Jason Wolf (26m 41s):
It has to come back to me. The conversations that have worked have been in the, t that you have to be very
clear that it’s just not another thing to do, but if you work from the end back in, we want our patients to feel
cared for her, to be heard, to get the best outcomes in order to do that, we need to provide an experience
that enables all of those things to happen. And we have to ensure that our people in our organization have
the resources necessary to enable that to happen at every moment in every interaction.

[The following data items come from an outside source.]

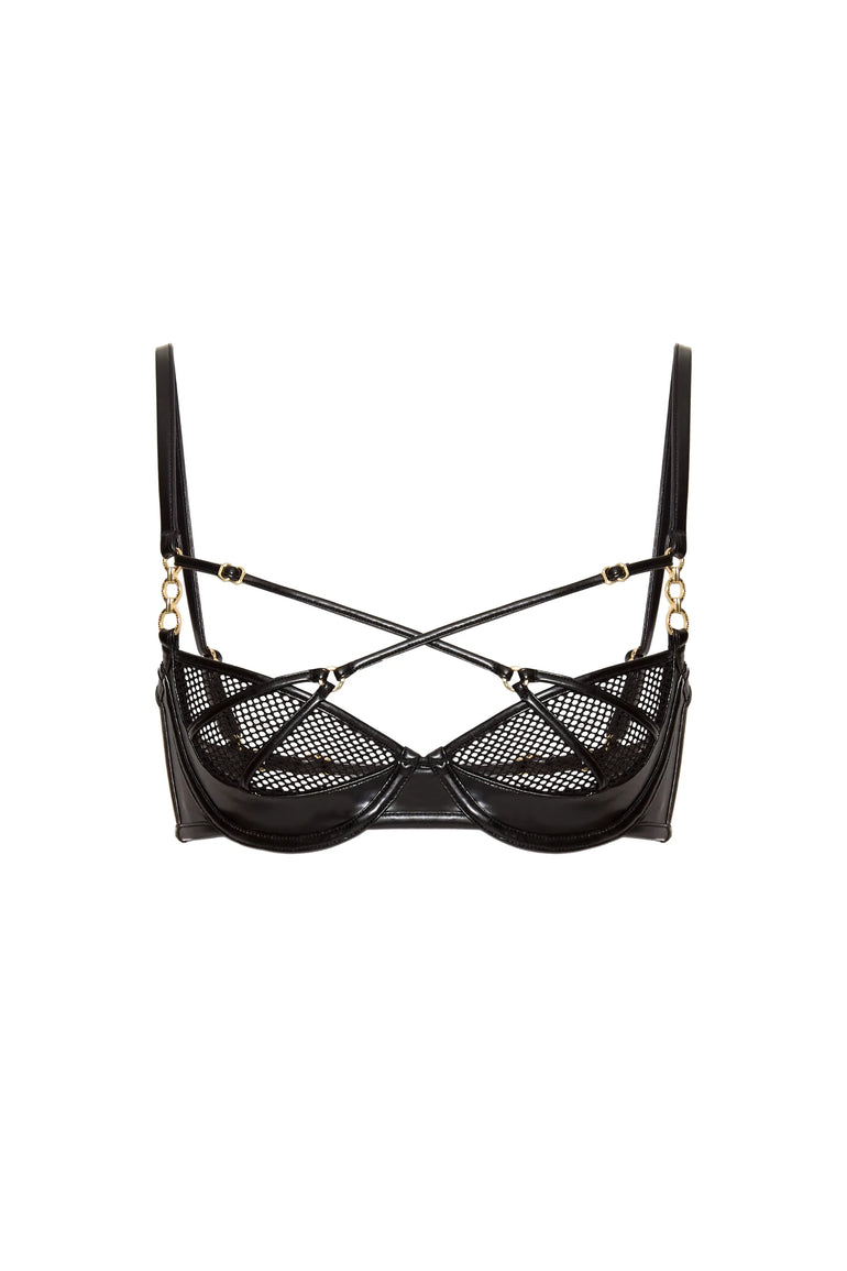• Fishnet texture, sculpting underwire cups, strappy front detailing with gold accents
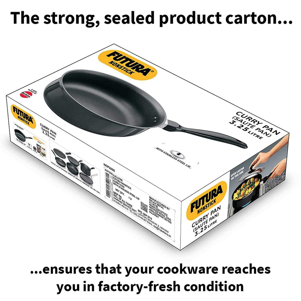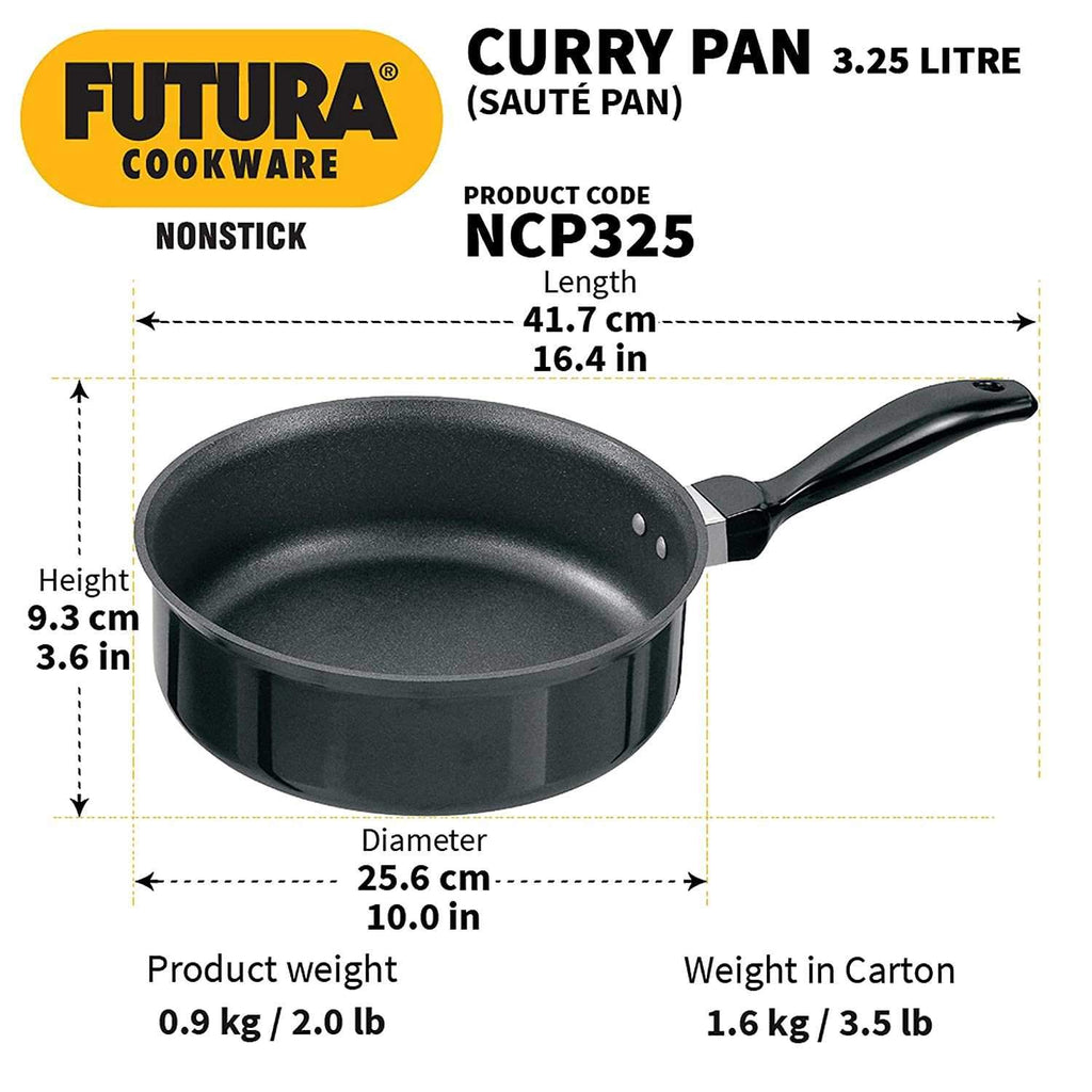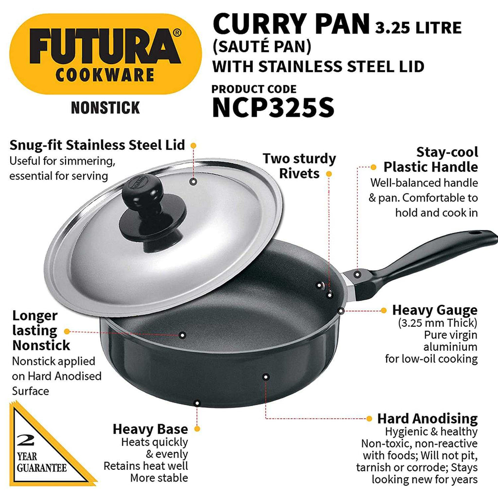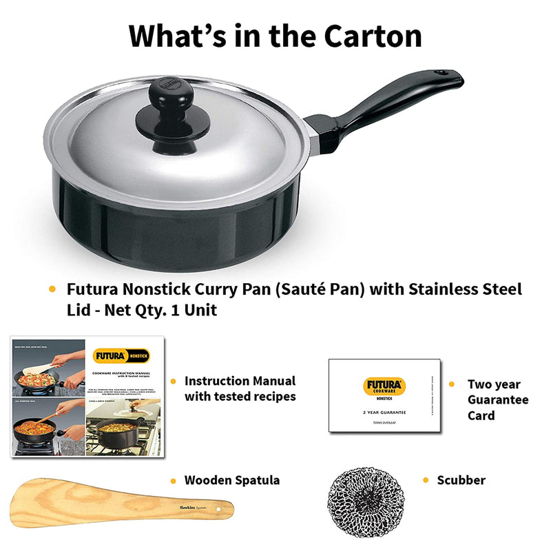 - Package Contents: 1-Piece Futura Non-Stick Saut Curry Pan with Lid or without Lid (2 Litres / 3.25 Litres)
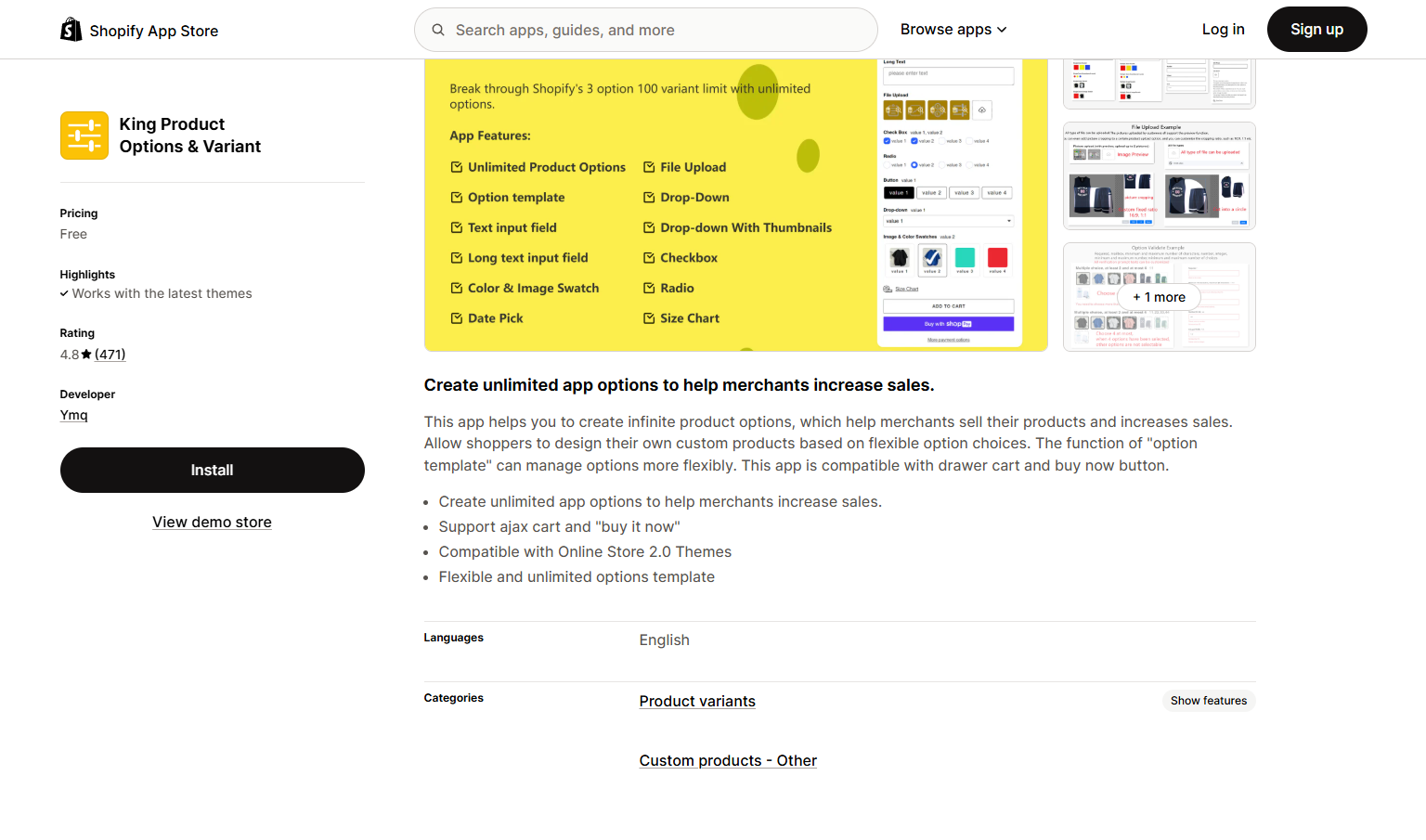 King Product Options is a standout because it offers a robust set of features for creating unlimited product options completely free of charge. It is an excellent choice for new stores or businesses on a tight budget that still require powerful customization capabilities.
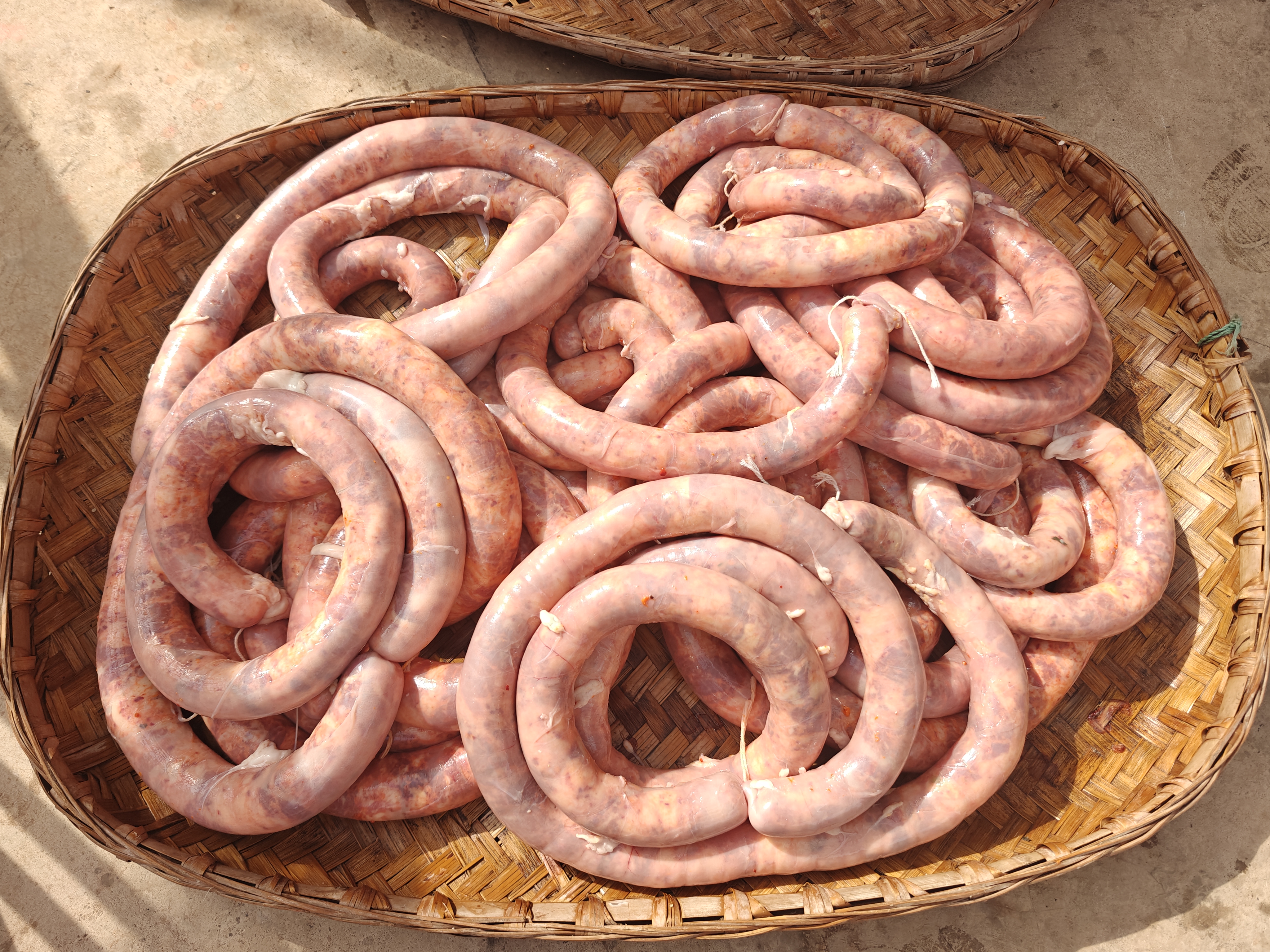 与腌制腊肉同步进行的,还有灌制香肠的活儿。一旁,几位大哥正熟练地调配香肠馅料,将肥瘦比例适中的猪肉切成小块,加入盐、辣椒、葱、姜、花椒面等调料,充分搅拌均匀。馅料备好后,就该往肠衣里灌了。有人手持提前泡软的猪肠衣,将其一端套在特制的灌香肠工具上,另一端用棉线扎紧;有人负责往工具里添馅料,还有人双手轻轻握住肠衣,随着馅料的注入慢慢向前推送,同时用手轻轻拍打肠衣,排出里面的空气,避免煮的时候破裂。灌好一段后,就用棉线每隔一段扎一个结,分成均匀的小段,再用针在肠衣上扎几个小孔,进一步排出残留的空气。灌香肠关键要松紧适度,太松煮出来会散,太紧口感不好。粉嘟嘟的香肠盘在簸箕上,透着新鲜的肉香,格外诱人。还有用豆腐和新鲜猪血、猪油混合搅拌制作成的会东特色美食血豆腐。

And if we can make
that argument and build backwards from there, it’s not just a, we’re going to go do patient experience
training, but we are actually building the fundamental fibers of the kind of institution kind of organization kind
of care provider’s we wanna be. For everybody in this organization, ’cause you never know where that
experience can go right or wrong.
Jason Wolf (27m 25s):
Right. As you said, it could be the person changing out the garbage. It could be the person parking. It could
be the person that literally wearing your badge in the supermarket that you run into. That’s rude to you.
Right? And so all of those moments matter. And so providing the core skills to ensure that those moments
matter and they matter well in each encounter is so significant. So that’s the way I would approach it. And it
usually advice. I give people, you can’t approach it as just a okay. It’s a thing in my strategy that I need to do,
but it’s really driven towards our broader organizational intent.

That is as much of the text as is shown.